Now let’s wrap K/9, HR/9 and BB/9 into a statistic for overall pitching goodness, I’ll call ~ FIP. I’d use FIP but not all of these systems projected IBB and HBP so I just left them out and calculated:

~ FIP = (HR*13+BB*3-K*2)/IP

**~ FIP Projections**

System |
W |
L |
W% |
z score |

Marcel |
81 |
81 |
0.500 |
— |

ZiPS | 79 | 83 | 0.489 | -0.29 |

Steamer | 78 | 84 | 0.479 | -0.54 |

PECOTA | 77 | 85 | 0.478 | -0.56 |

CAIRO | 76 | 86 | 0.468 | -0.83 |

Oliver | 75 | 87 | 0.465 | -0.88 |

Chone | 72 | 90 | 0.442 | -1.47 |

That’s right, none of these systems projected real ~FIP better than Marcel’s ~FIP. In fact, if Marcel had simply made these ~FIP predictions its ERA predictions, only Cairo and ZiPS would have beaten Marcel in predicting ERA. Actually, in light of Tango’s recent blog entry, I should point out that Marcel would do better than three of these systems (and do better itself!) if it just relied on it’s BB and K predictions and calculated ERA = 5.4+ 3*(BB-K)/IP.

For Steamer, I think the big lessons from all of this are:

- Use FB% and LD% to project HR rates.
- Don’t use a component ERA formula that doesn’t work as well as FIP.
- Just let Peter project saves.
- All of these systems have weaknesses.

With some much needed tinkering we hope Steamer will be significantly improved for the 2010 season.
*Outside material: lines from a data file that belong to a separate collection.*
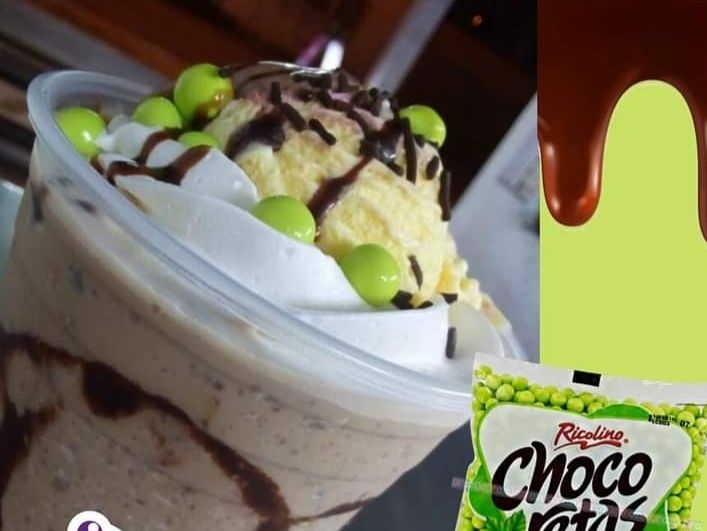 Con café, leche deslactosada, chocoretas, topping de crema batida y helado , cont. 600 ml
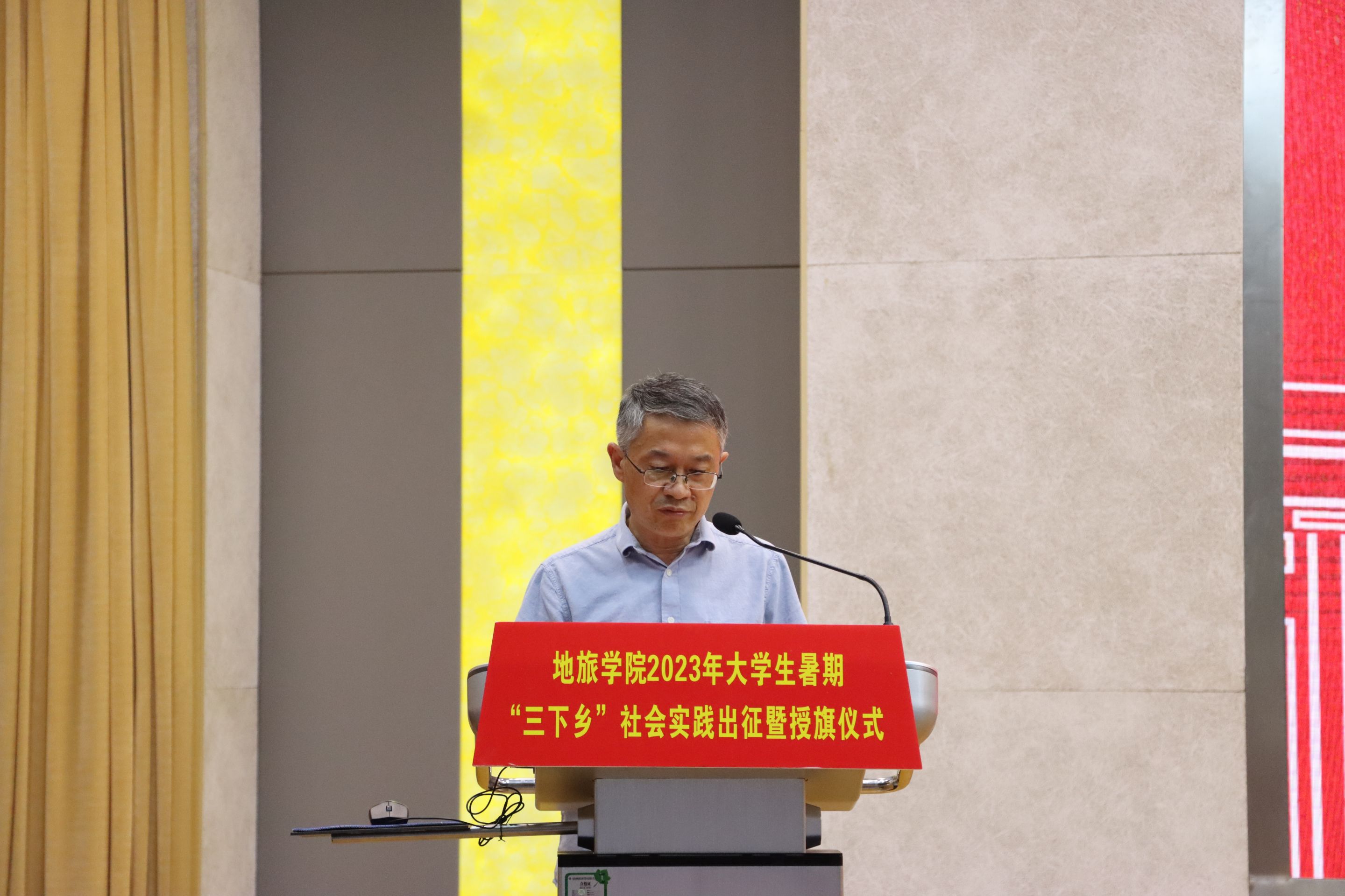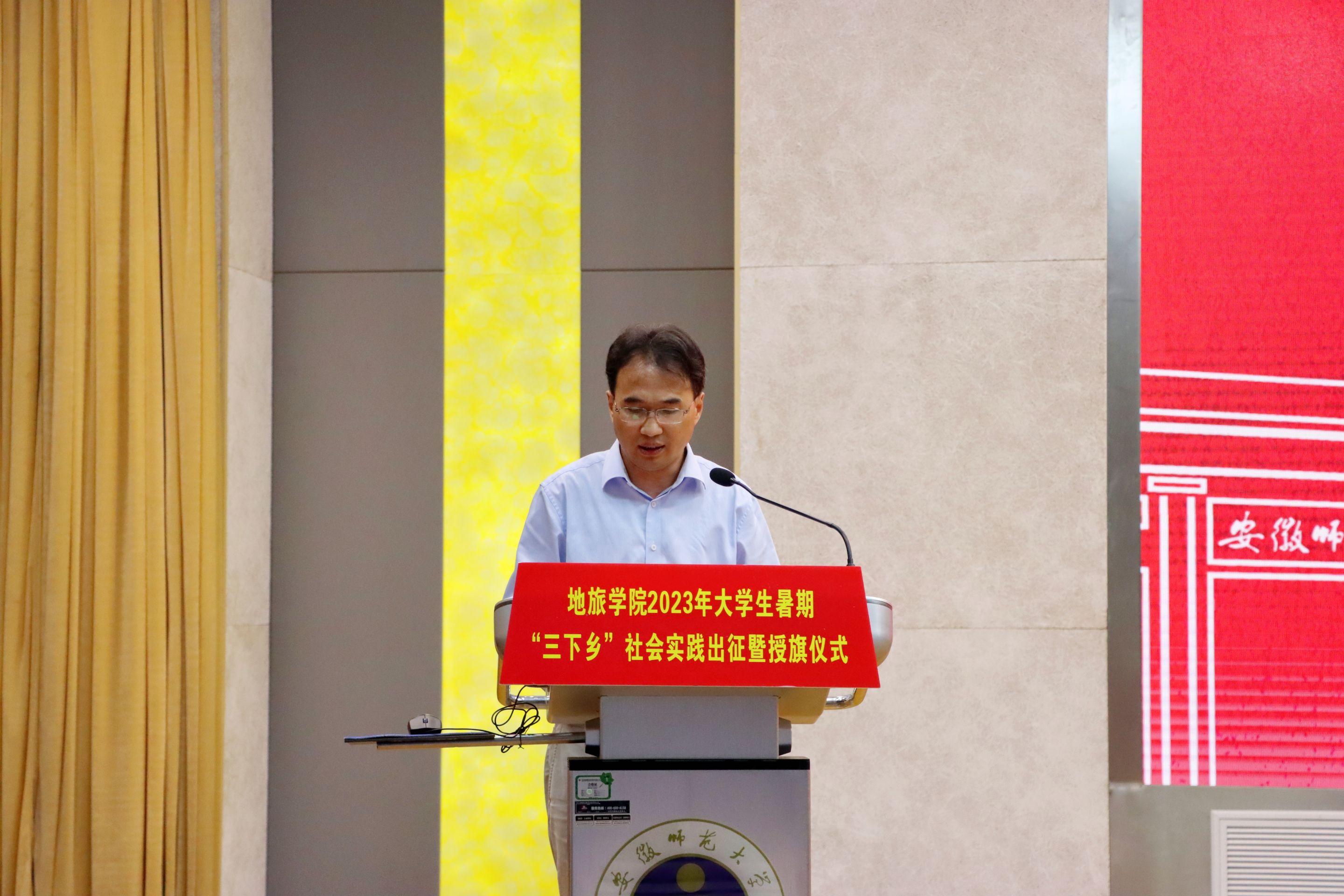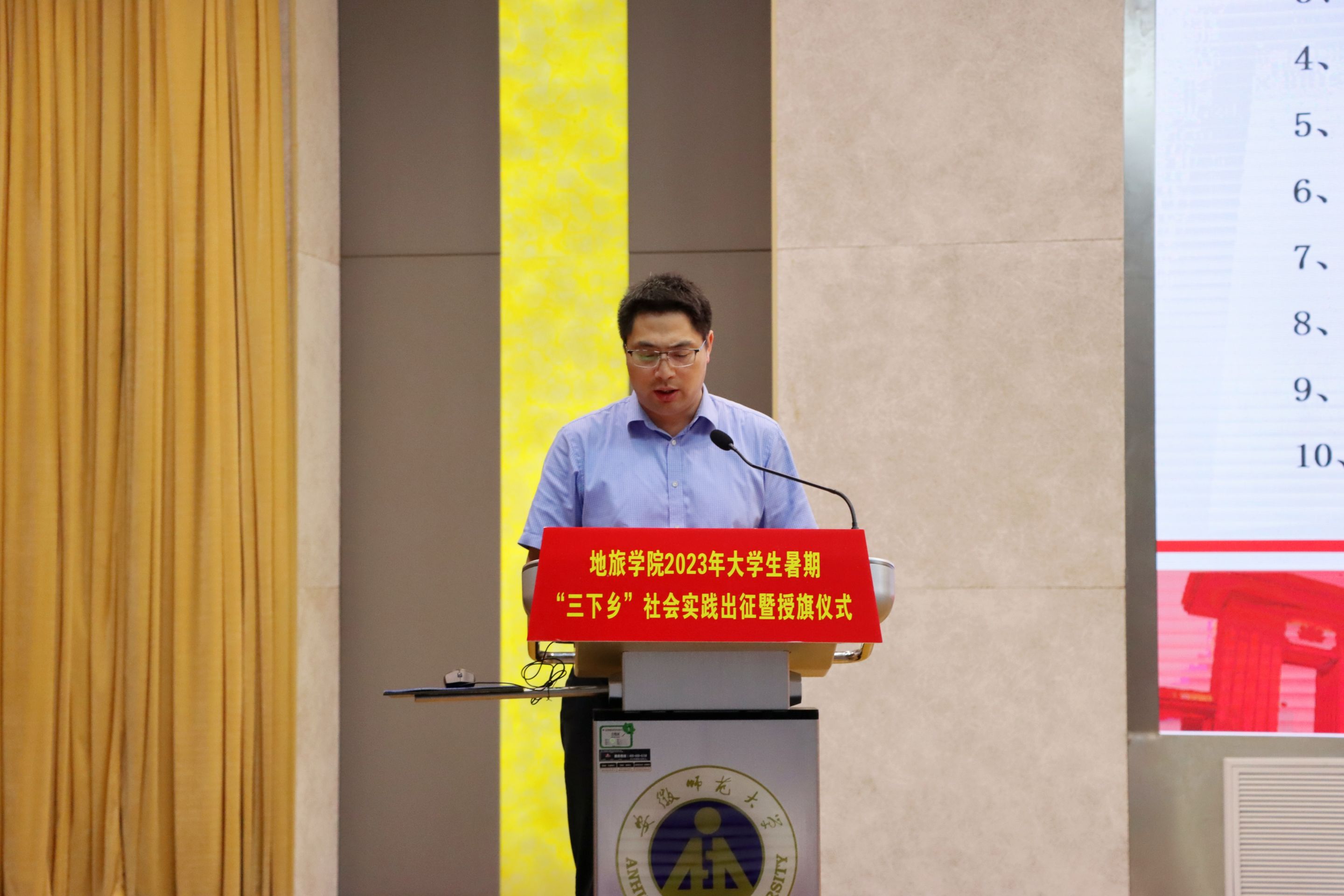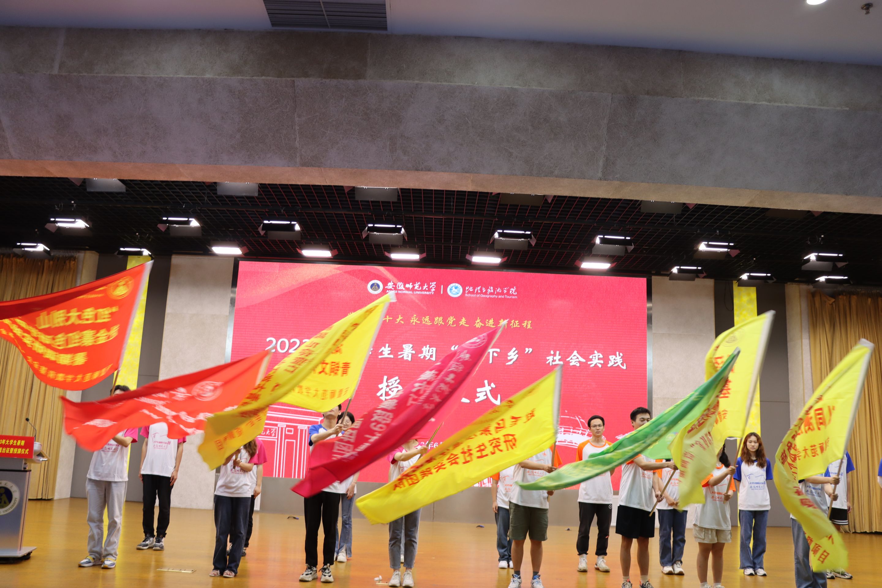 “行走的思政课堂”2023年大学生暑期“三下乡”社会实践出征授旗仪式暨安全宣传专题培训顺利举行。校团委书记廖仲明,思政指导教师安建增、李靖,足探比分
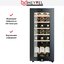 Стеклянная дверь — дополнительный изящный штрих к общему дизайну модели. Специальное покрытие защищает вино от влияния ультрафиолетовых лучей, которые проникают, если шкаф находится в солнечной комнате. Хранение становится еще безопаснее и герметичнее благодаря нескольким слоям стекол. Цвет корпуса — черный.
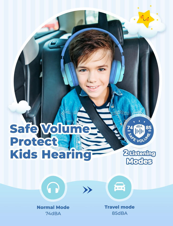 - Stereoton & 74/85dBA Lautstärkebegrenzung: Auch Kinder brauchen guten Klang - sie werden die integrierte 40-mm-Lautsprechereinheit lieben, die satte Bässe und lebensechten Klang liefert. Begrenzen Sie die Audiolautstärke zwischen 74 und 85dBA mithilfe
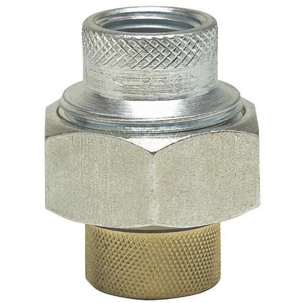 Dielectric Union, Brass, Steel, 1/2 in, Female, NPT, 1/2 in, Female, NPT, Insulator Material Polysulfone, Gasket Material Buna-N, Nut Material Zinc-Plated Galvanized Steel, 250 psi Maximum Operating Pressure, 33 Degrees to 180 Degrees F, 2 1/4 in Overall Length
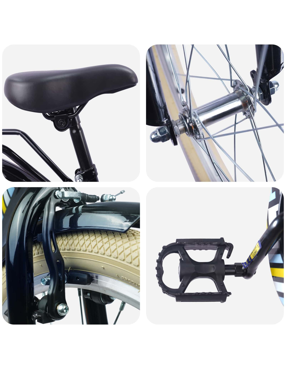 - Materiali: Fatta in acciaio e gomma, questa bici per bambini è robusta e comoda. Il telaio in acciaio è progettato per resistere all'uso quotidiano mentre esplori i sentieri. Le impugnature in gomma assicurano una presa sicura e comfort durante le corse.
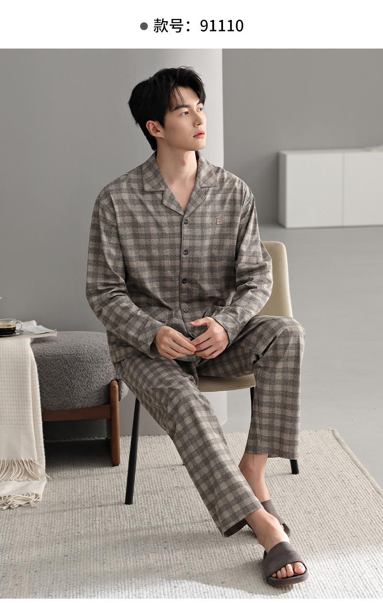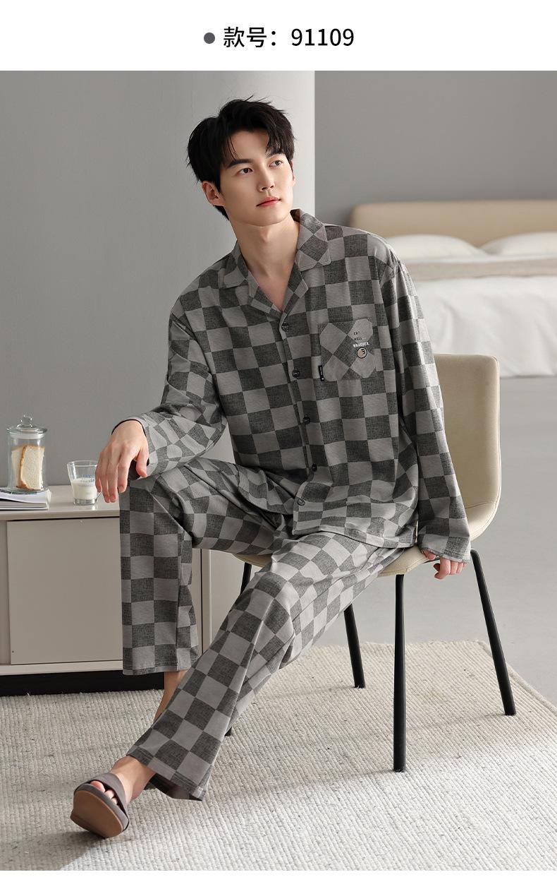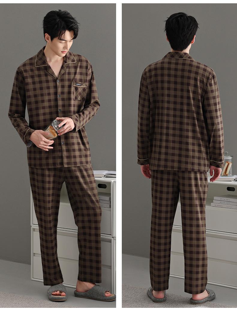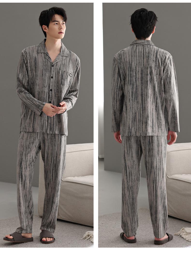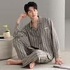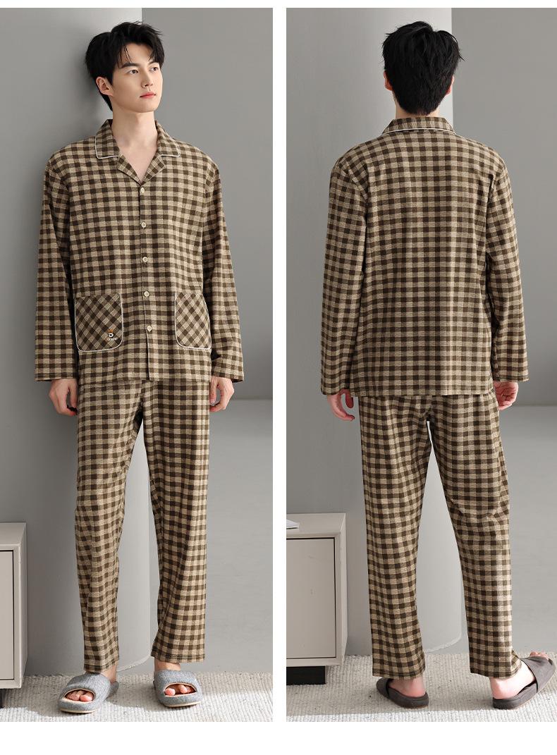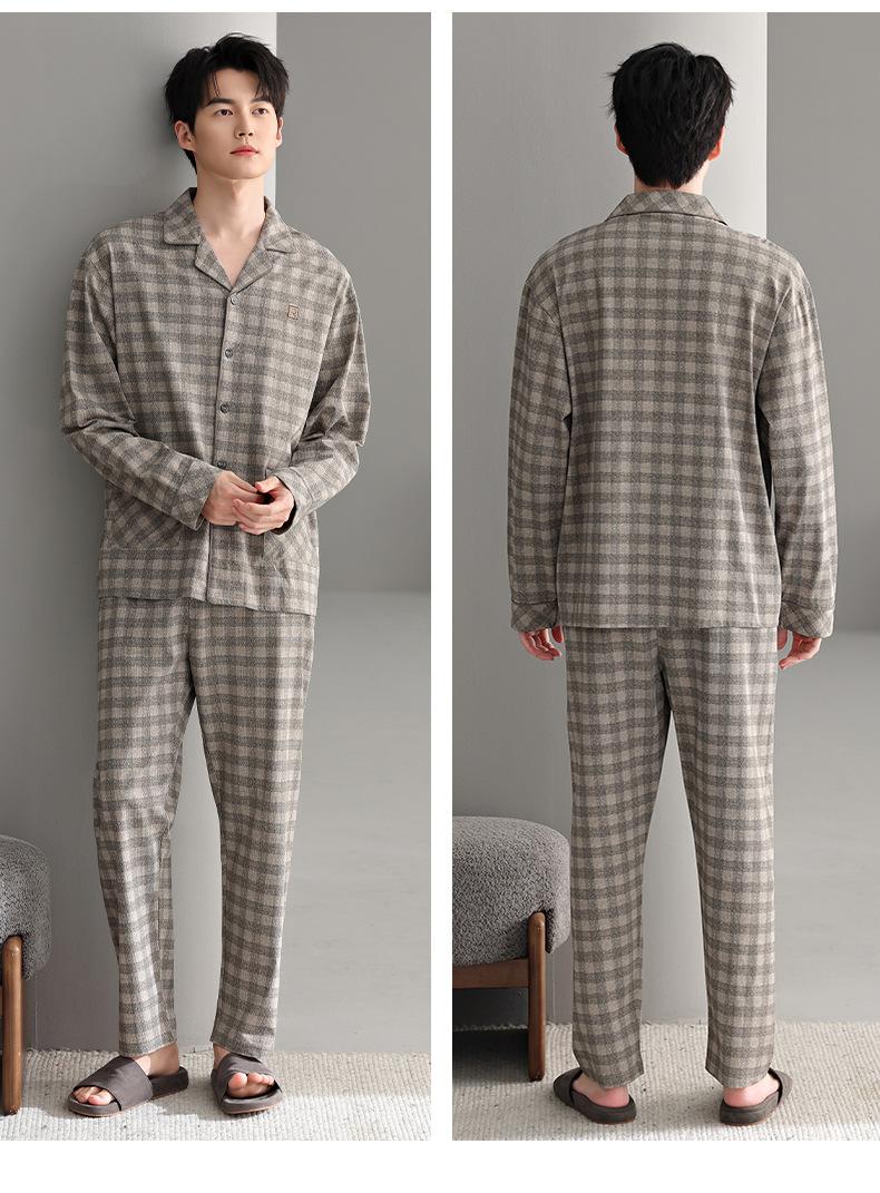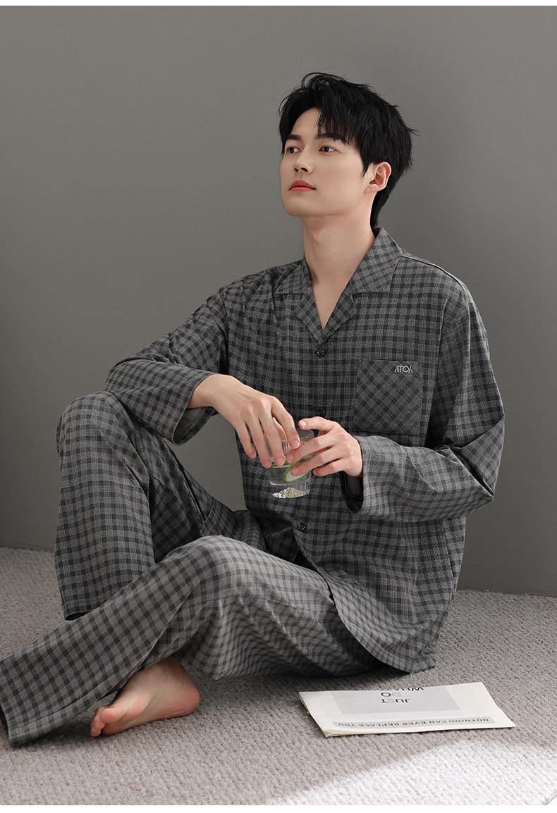 Pijamas de Algodão Puro Masculino Primavera e Outono Estilo Outono Manga Longa 2025 Novo Estilo Pai de Meia-Idade Estilo Fino Tamanho Plus Conjunto para Usar em Casa
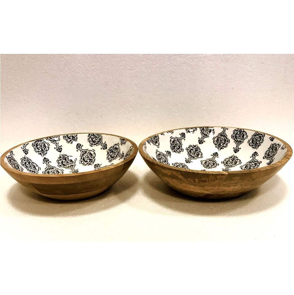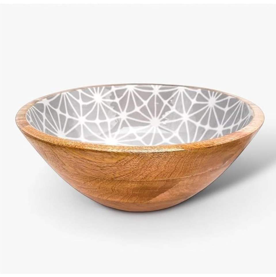 Ensemble de saladiers en bois de manguier faits à la main, imprimés en émail bleu floral, grand bol décoratif en bois pour fruits, pour la décoration de la maison

We plan to run this analysis again after the 2010 season to see if our changes paid off. Along those lines, I am going to try to collect projections (ideally, with MLBAM IDs) before the season starts so that I’ll have the results right after the season ends. If you have projections with MLBAM IDs that you want included in next year’s analysis we’d be happy to oblige.